**Work order:** Starting at the first line of the listing below, repeat each line exactly until you have repeated the one containing "2016年11月15日,海南"; skip the pictures.

##### Material provided

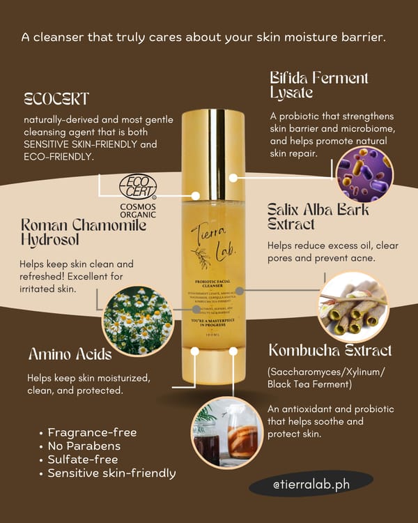 This gentle cleanser is designed to effectively remove dirt and excess oil while preserving your skin's natural moisture. Enriched with probiotics like Bifida Ferment Lysate and Kombucha, it supports the health of your skin's moisture barrier, while the inclusion of Amino Acids promotes overall skin vitality. Unlike traditional facial cleansers, our formula utilizes a naturally-derived amino acid surfactant (ECOCERT and COSMOS certified) that is not only mild on the skin but also eco-friendly and biodegradable. Free from sulfates and harmful chemicals, this cleanser is safe for all skin types, including sensitive skin. Experience a refreshing cleanse that nurtures your skin without compromise.
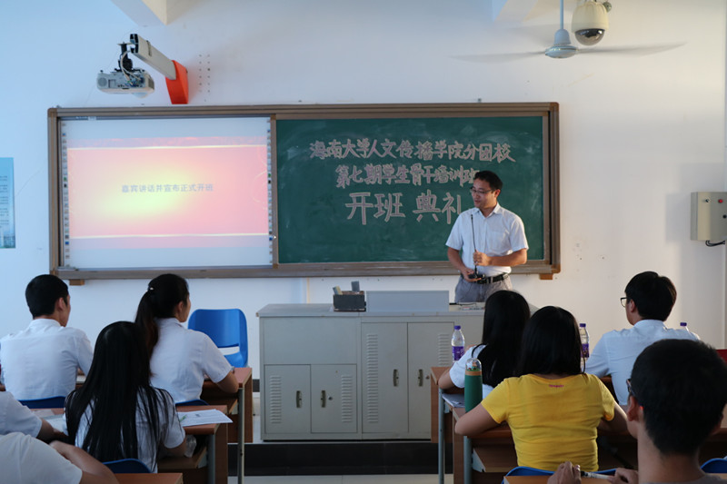 2016年11月15日,海南大学人文传播学院分团校第七期海甸校区学生骨干培训班开班典礼暨培训会第一讲于海甸校区四教308教室顺利举行。莅临本次培训会的嘉宾有人文传播学院学工办主任公衍峰老师、学工办王森森老师,团委学生副书记刘昱竹,学生会主席王媛媛,副主席李树瑶、范会昕,秘书长辛搏文,青协会长高少波。lol下注
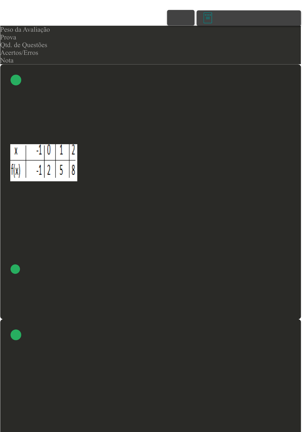 <p>Prova Impressa</p><p>GABARITO | Avaliação II - Individual (Cod.:988746)</p><p>Peso da Avaliação 2,00</p><p>Prova 86414639</p><p>Qtd. de Questões 10</p><p>Acertos/Erros 9/1</p><p>Nota 9,00</p><p>Interpolação linear é uma ramificação da matemática que se caracteriza por uma função linear</p><p>(polinômio de primeiro grau), a qual representa em resultados aproximados uma função f(x).</p><p>Considerando a tabela a seguir e considerando a função linear como f(x)= ax+b, qual o valor estimado</p><p>de f(1,25)?</p><p>Assinale a alternativa CORRETA:</p><p>A f(1,25) = 5,5</p><p>B f(1,25) = 6,25</p><p>C f(1,25) = 5,75</p><p>D f(1,25) = 6,5</p><p>Para destacar a importância de trabalhar com sistemas de equações não lineares, vamos levantar a</p><p>situação em que existe a necessidade de realizar a análise do comportamento de um regime</p><p>permanente do circuito não linear, quando os valores de tensão através dos resistores podem ser</p><p>obtidos através da resolução de um sistema de equações não lineares, e o problema se reduz a</p><p>encontrar uma raiz para o sistema de equações. Uma segunda situação permite mencionar que, no</p><p>sistema aéreo, os controladores de voo trabalham com radares e, quando dois destes radares estão</p><p>localizados em posições conhecidas, eles podem determinar a distância de suas localizações até uma</p><p>aeronave que está se aproximando dentro do espaço aéreo. Neste caso, também temos um sistema de</p><p>equações não lineares, e a solução está em calcular o valor das raízes das equações. Assim, efetue os</p><p>seguintes cálculos: Dado o sistema de equações não lineares:</p><p>VOLTAR</p><p>A+ Alterar modo de visualização</p><p>1</p><p>2</p><p>09/09/24, 18:50 Avaliação II - Individual</p><p>about:blank 1/8</p><p>Assinale a alternativa CORRETA:</p><p>A O Método de Newton é apropriado para calcular o erro relativo das variáveis com referência às</p><p>raízes de ambas as funções.</p><p>B As derivadas parciais das duas funções que compõem o sistema apresentam ponto de</p><p>descontinuidade.</p><p>C No sistema, as variáveis x e y assumem o mesmo valor.</p><p>D As duas funções que compõem o sistema apresentam ponto de descontinuidade.</p><p>Interpolação linear é uma ramificação da matemática que se caracteriza por uma função linear</p><p>(polinômio de primeiro grau), a qual representa em resultados aproximados uma função f(x).</p><p>Considerando a tabela a seguir e considerando a função linear como f(x)= ax+b, qual o valor estimado</p><p>de f(0,25)?</p><p>Assinale a alternativa CORRETA:</p><p>A f(0,25) = 0,75</p><p>3</p><p>09/09/24, 18:50 Avaliação II - Individual</p><p>about:blank 2/8</p><p>B f(0,25) = 2,75</p><p>C f(0,25) = 0,5</p><p>D f(0,25) = 2,5</p><p>Uma equação não linear é uma equação que contenha termos da forma x², x³, termos com raiz entre</p><p>outros. Um sistema de equações é dito não linear se pelo menos uma das equações não é linear. Para</p><p>resolver um sistema não linear, usamos processos interativos. Considere o sistema linear: f(x,y)=0</p><p>g(x,y)=0 onde, f ou g são funções não lineares. Com relação aos processos interativos usados para</p><p>encontrar a solução dos sistemas não lineares, analise as sentenças a seguir:</p><p>I- Para aplicar o método da Interação Linear, precisamos encontrar as funções F e G (chamadas de</p><p>funções de interação) que satisfazem F(x,y) = x e G(x,y) = y de tal forma que sejam contínuas e suas</p><p>derivadas parciais também são contínuas.</p><p>II- Para aplicar o método de Newton, temos que considerar que f e g sejam contínuas, mas não é</p><p>necessário que suas derivadas primeiras e segundas sejam também contínuas.</p><p>III- Para o método de Interação Linear, podemos considerar qualquer ponto inicial (x0, y0), não é</p><p>preciso estar próximo da solução.</p><p>IV- Para o método de Newton, temos que considerar o ponto inicial (x0, y0) próximo da solução.</p><p>Assinale a alternativa CORRETA:</p><p>A As sentenças I e IV estão corretas.</p><p>B As sentenças I e III estão corretas.</p><p>C As sentenças II e IV estão corretas.</p><p>D As sentenças II e III estão corretas.</p><p>4</p><p>09/09/24, 18:50 Avaliação II - Individual</p><p>about:blank 3/8</p><p>Interpolação linear é uma ramificação da matemática que se caracteriza por uma função linear</p><p>(polinômio de primeiro grau), a qual representa em resultados aproximados uma função f(x).</p><p>Considerando a tabela a seguir e considerando a função linear como f(x)= ax+b, qual o valor estimado</p><p>de f (1,8)?</p><p>Assinale a alternativa CORRETA:</p><p>A f(1,8) = 6,8</p><p>B f(1,8) = 7,2</p><p>C f(1,8) = 7,8</p><p>D f(1,8) = 7,4</p><p>No universo da Matemática, tudo que estudamos tem uma razão e aplicabilidade. Da teoria à</p><p>prática, os logaritmos são trabalhados em diversas áreas do conhecimento. O trabalho com uma</p><p>função logarítmica tem como objetivo facilitar os cálculos, bem como ampliar os conhecimentos em</p><p>assuntos específicos, como: a) na Química, quando o trabalho envolve radioatividade, para determinar</p><p>o tempo de desintegração de uma substância radioativa é utilizada a fórmula: Q=qo.e^(-r-t). Nesta</p><p>fórmula, Q representa a massa da substância, qº a massa inicial, r a taxa de redução da radioatividade</p><p>e a variável t o tempo. Equações com essa tipologia podem ser resolvidas com o auxílio da teoria dos</p><p>logaritmos; b) no ano de 1935, os sismólogos Charles Francis Richter e Beno Gutenberg</p><p>desenvolveram uma escala para quantificar o nível de energia liberada por um sismo. A escala</p><p>Richter, que também é conhecida por escala de magnitude local, é uma função logarítmica. Assim, é</p><p>possível quantificar em Joules a quantidade de energia liberada por um movimento tectônico; c) na</p><p>Medicina, qu

##########

**Solution:**
 This gentle cleanser is designed to effectively remove dirt and excess oil while preserving your skin's natural moisture. Enriched with probiotics like Bifida Ferment Lysate and Kombucha, it supports the health of your skin's moisture barrier, while the inclusion of Amino Acids promotes overall skin vitality. Unlike traditional facial cleansers, our formula utilizes a naturally-derived amino acid surfactant (ECOCERT and COSMOS certified) that is not only mild on the skin but also eco-friendly and biodegradable. Free from sulfates and harmful chemicals, this cleanser is safe for all skin types, including sensitive skin. Experience a refreshing cleanse that nurtures your skin without compromise.
 2016年11月15日,海南大学人文传播学院分团校第七期海甸校区学生骨干培训班开班典礼暨培训会第一讲于海甸校区四教308教室顺利举行。莅临本次培训会的嘉宾有人文传播学院学工办主任公衍峰老师、学工办王森森老师,团委学生副书记刘昱竹,学生会主席王媛媛,副主席李树瑶、范会昕,秘书长辛搏文,青协会长高少波。lol下注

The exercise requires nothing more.